Bob Rockwell (born May 1945 in Miami, Oklahoma) is a jazz saxophonist. He was born in the U.S. but emigrated to Denmark in 1983.

==Biography==
Rockwell was raised in Minneapolis, and in his early career he toured the U.S. in rock and rhythm and blues bands. He worked in Las Vegas in the late 1960s and early 1970s, then moved to New York City, where he played with The Thad Jones/Mel Lewis Orchestra, Tito Puente, Ben Sidran, Freddie Hubbard, Ray Drummond, Billy Hart, Rufus Reid, Victor Lewis, Ron McClure, Tom Harrell, Chuck Israels, John Hicks, Al Foster, Anthony Cox, Bill Dobbins, Keith Copeland, Clint Houston, and Richie Beirach. After settling in Copenhagen, Rockwell recorded for SteepleChase Records.

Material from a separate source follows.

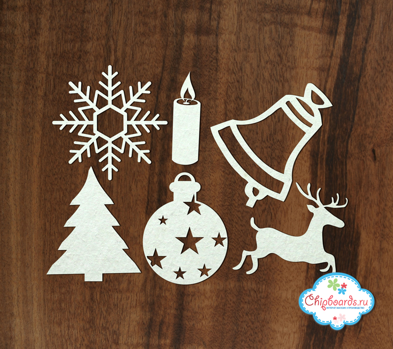 Размер снежинки 4 см. Чипборд выполнен из материала толщиной 0.9 - 1.15 мм.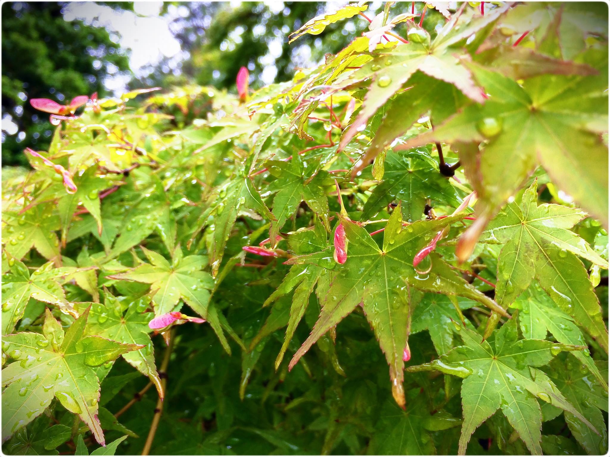 雨上がりの水滴が新緑に映えて綺麗でした。

He has worked in Europe with Ernie Wilkins, Kenny Drew, Alex Riel, Marilyn Mazur, Kenny Wheeler, Jan Kaspersen, and Jesper Lundgaard.

==Awards and honors==
- 2003 Ben Webster Prize

==Discography==
- Androids (Celebration, 1974)
- Jungleopolis (with Art Resnick, 1974)
- No Rush (SteepleChase, 1985)
- On the Natch (SteepleChase, 1985)
- The Bob Rockwell Trio (SteepleChase, 1989)
- Reconstruction (SteepleChase, 1990)
- Born to Be Blue (SteepleChase, 1993 [1994])
- Light Blue (SteepleChase, 1995)
- Shades of Blue (SteepleChase, 1996)
- After Hours (Go Jazz, 1999)
- It's All Right With Me (Pony Canyon, 2001)
- Love Eyes (Pony Canyon, 2001)
- Bob's Wilder: Music of Alec Wilder (Stunt, 2003)
- Bob's Ben: A Salute to Ben Webster (Stunt, 2005)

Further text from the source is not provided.